Worse, after arriving Boston, White lost touch with Josephine.

"For two years, I had no contact with her, I couldn't find her. I thought she was dead," he said. "There were no family members around to give me information. Friends from the camp told me she was dead."

White worked as a security guard, enrolled his children in school, and continued looking for his wife from afar. "I didn't believe she was gone," he said. "I kept asking people."

Finally, the pastor at the Assembly of God church, where the Whites had worshipped in Buduburam, located Josephine and gave White a phone number where he could reach her. She had been terribly ill, and had left the camp for a hospital in the interior of Ghana.

Even as Josephine's health improved in Ghana, White was faced with another obstacle on this side of the Atlantic: his mother’s Dorchester home was too cramped with so many of her children and grandchildren living there.

Though Eric, now 18, had moved to New Jersey, Jethro, 13, to Minnesota, and Onesimua, 16, to Roxbury, each to live with an aunt, White could not afford to rent a place big enough for him and his remaining three children.

Last March, White and his children Papi, David and Marzina moved into a homeless shelter.

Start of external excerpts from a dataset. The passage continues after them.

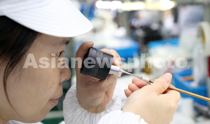 7月20日,工人在江苏省南通市崇川区永兴街道辖区规上企业山姆电器组装车间忙碌,该企业生产的瞄准镜等产品出口德国、美国等欧美国家。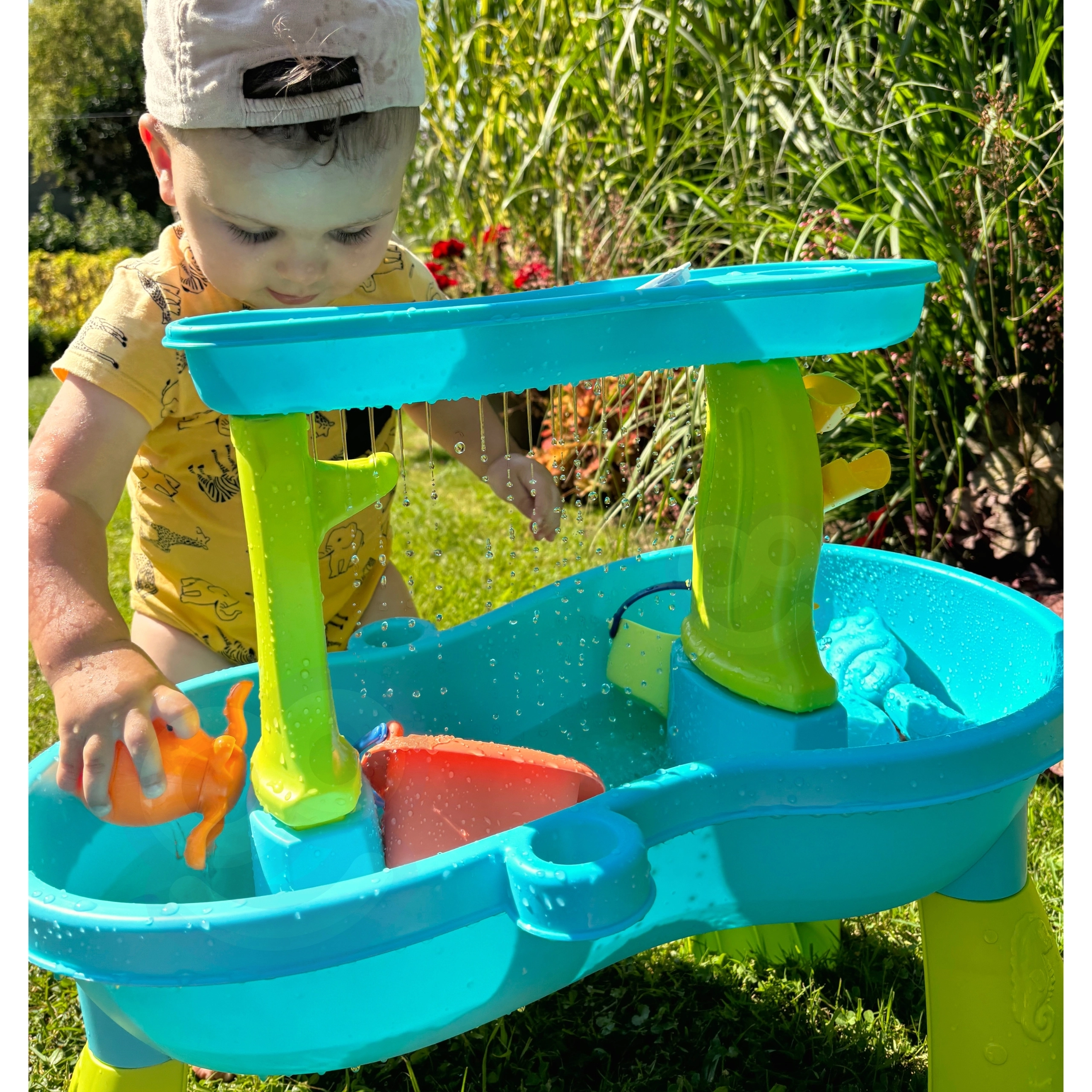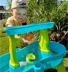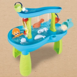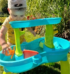 Περιλαμβάνει διάφορες υφές και ερεθίσματα που ενθαρρύνουν τα παιδιά να εξερευνήσουν τον κόσμο του νερού και της άμμου.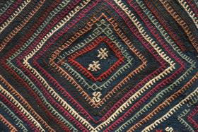 Marash jijim clothing bag. 19th century. This ethnographic bag has a deep indigo ground and seven colors in the jijim work. ... read more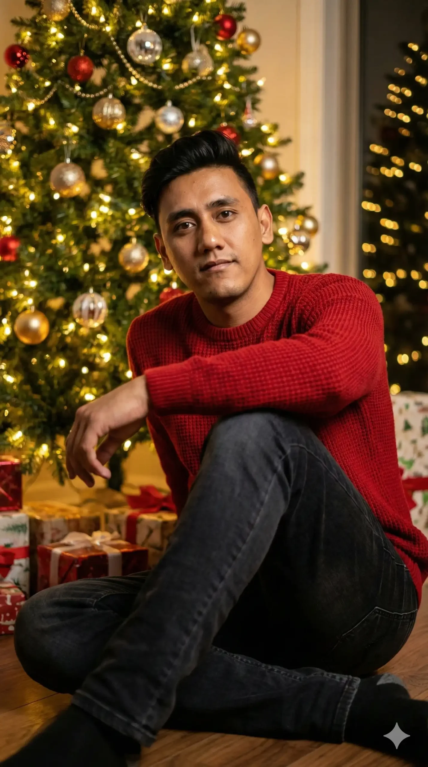 A cinematic, hyper-realistic 16K portrait of a person (USE PROVIDED PHOTO REFERENCE FACE). The subject is sitting comfortably on the floor near a grand, brightly lit Christmas tree, surrounded by wrapped gifts. The person is striking a confident, relaxed pose, looking directly at the camera with an engaging expression. They are wearing sophisticated red casual fashion attire (e.g., a knit sweater or velvet top). The lighting is soft and warm, capturing the glow of the tree lights reflecting in the background bokeh. Shot with a Canon EOS camera, using a 50mm prime lens. Ultra-detailed, photographic quality, rich depth of field.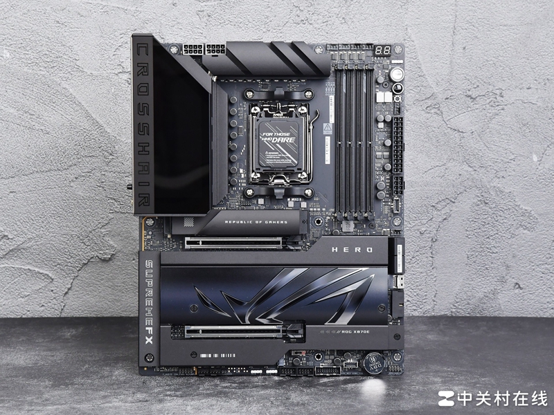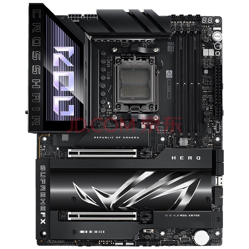 华硕 X870E HERO主板搭载了AM5插槽,AMD此前承诺AM5平台会延续到2027年,所以这款主板理论上可以到2027年之前发布的所有AM5处理器,当然也包括上月发布的锐龙9000和之前的锐龙7000以及锐龙8000G系列。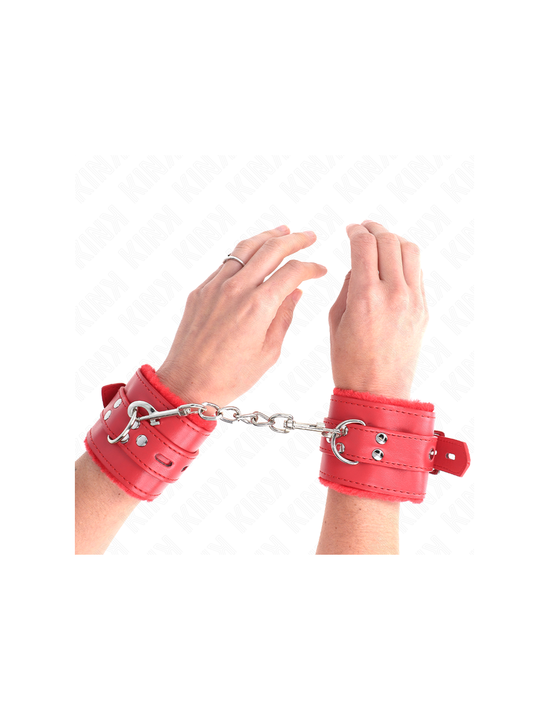 KINK - MUÑEQUERAS FORRADAS CON AGUJEROS CUADRADOS ROJO Y CORREA ROJO AJUSTABLE 17-29 CM X 6 CM

The family of four was allotted two rooms. The kids stayed in school, White continued working, and they all tirelessly searched for a new place to live. White said his social services caseworker in Boston helped him apply for subsidized housing all over the state.

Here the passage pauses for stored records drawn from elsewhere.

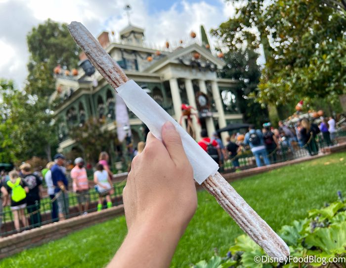 We found this spooky snack at the churro cart across from Haunted Mansion for $5.75.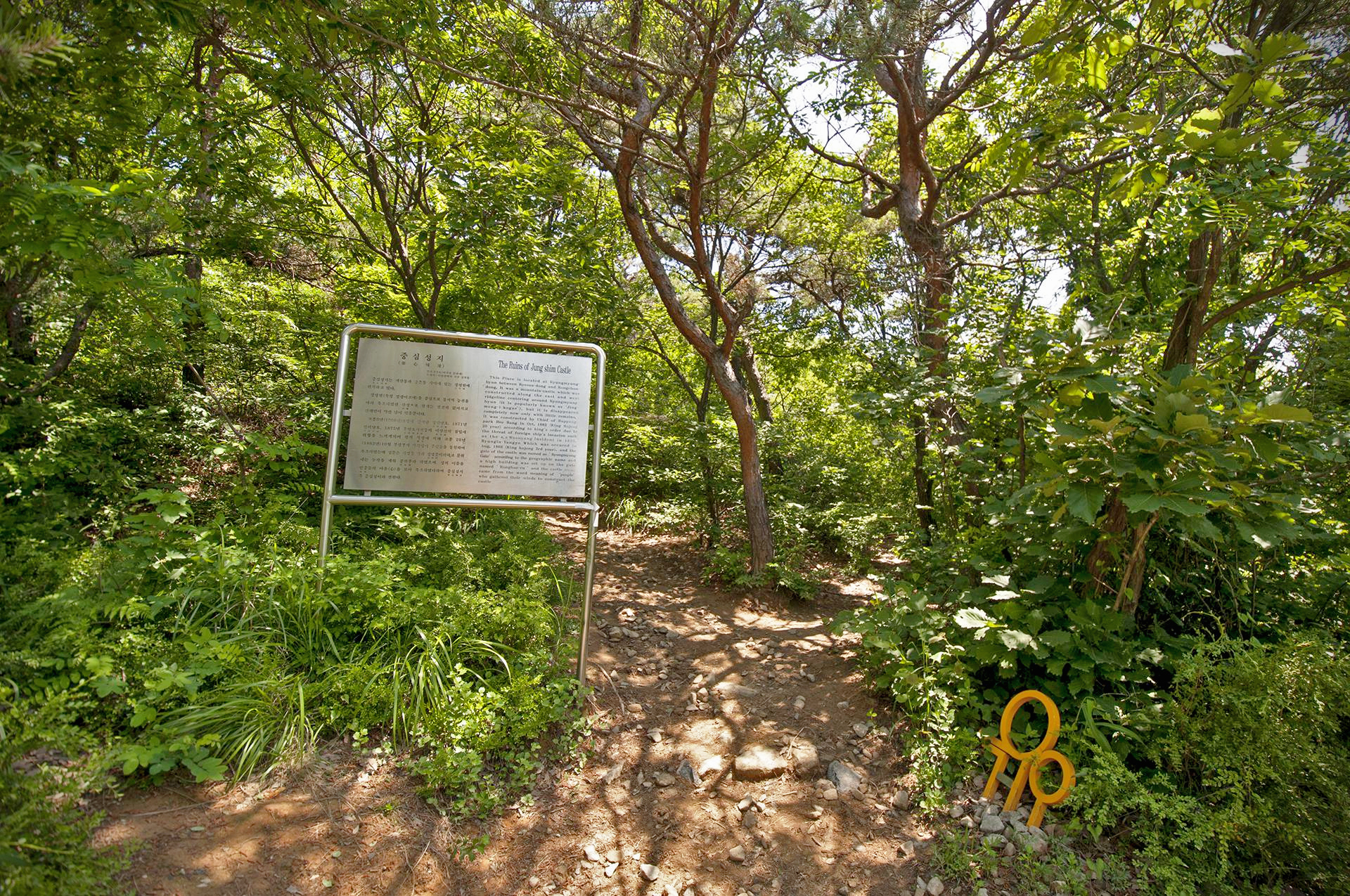 화단에 둘레길 표식이 가야할 방향을 가리킨다.
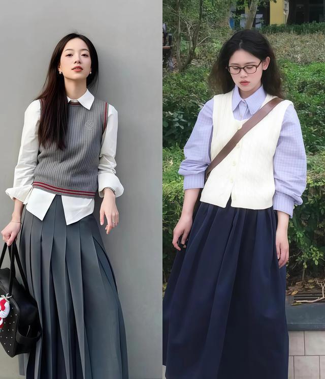 tips3:芳华学院风=马甲+衬衫+百褶裙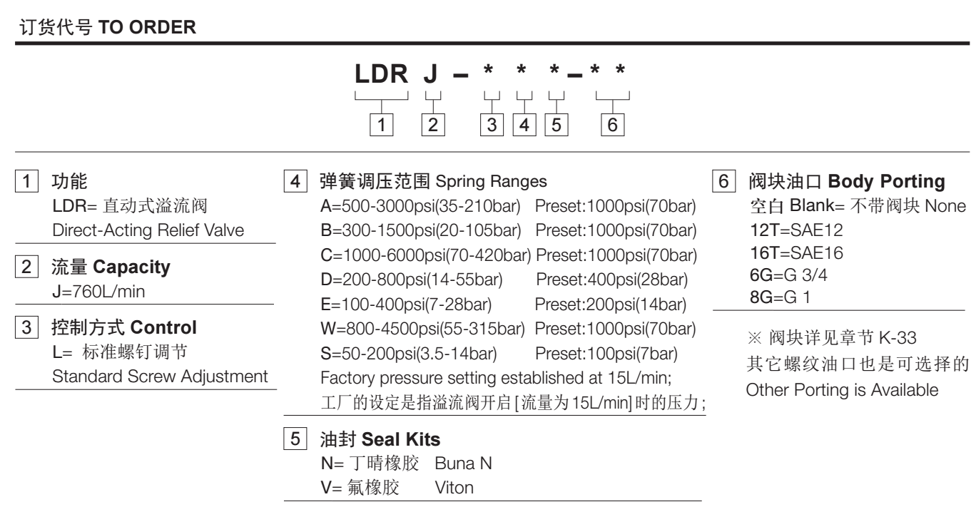 S 3.5-14bar;Preset(預設定): 7bar溫度-40oF to +250oF(-40oC to +120oC)油液Mineral-based fluids with viscosities of 7.4 to 420 cSt.(礦物油粘度)閥塊材料鋼和球鐵允許使用最大壓力350bar -

When the Pittsfield Housing Authority responded last summer that there was an available, and suitable, home here, White first came west to look at the apartment and find a job and then moved his family in as soon as he could.

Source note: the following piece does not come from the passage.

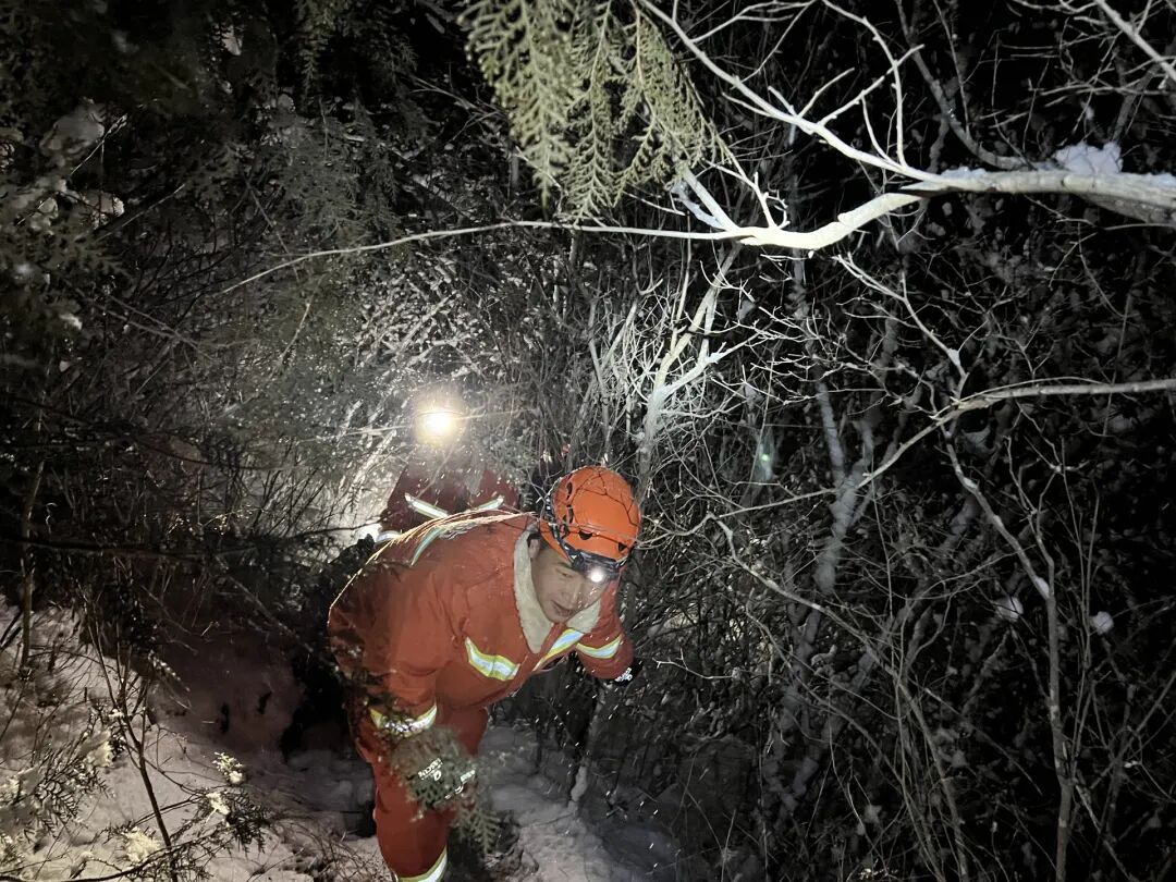 夜间,降雪还在增强,道路结冰湿滑,再加上两名被困者均存在受伤情况,营救工作十分急迫。

He had no qualms about leaving Boston, but the change of pace took a little adjustment. "It was so quiet," White said. "Now, I'm getting used to the place."

White works as an assembler at Protech, in Pittsfield, making military armor. He usually goes in at 3 p.m. in the afternoon and gets home by 10 or 11 at night. A neighbor helps out with the children at night, but White's schedule enables him to see the kids off to school in the morning and greet them when they get home.

Five-year-old Marzina is in kindergarten and seven-year-old David is in second grade at Conte Elementary School. Papi, 15, is an eighth grader at Reid Middle School. His cousin, Randolph, is 13 and in seventh grade at Reid.

Randolph's mother is still in Liberia. He came to America with his father, White’s brother, who now lives in Rhode Island. "He was facing the same problem finding an apartment," White said, "so I said I would take Randolph so he could have his own bedroom."

"It's actually quite difficult for only one parent taking care of all those kids," White said. "There were so many people around before. I’m trying to establish friendships."

The connections of friends and relatives are important to the survival of this family, splintered by war and circumstance.

Josephine remains in limbo, waiting at the refugee camp in Ghana. She survives on money White sends her, which she retrieves by taking a 30-minute bus ride to the Western Union office in capital city of Accra.

White filed for his Green Card in 2002, but isn't sure how soon his application will be approved. He is waiting to receive permanent legal residency before applying to bring his wife here.

Still, White remains hopeful that Josephine some day will join him in his new hometown.

"We were very happy to come," he said of moving his children to Pittsfield. "I was lucky to get a place here."

What of his native Liberia? Will he ever return to the home he fled in the country founded by former slaves who had fled America?

"I'm not sure," he said, and paused. "If I go, it would maybe be just for a visit."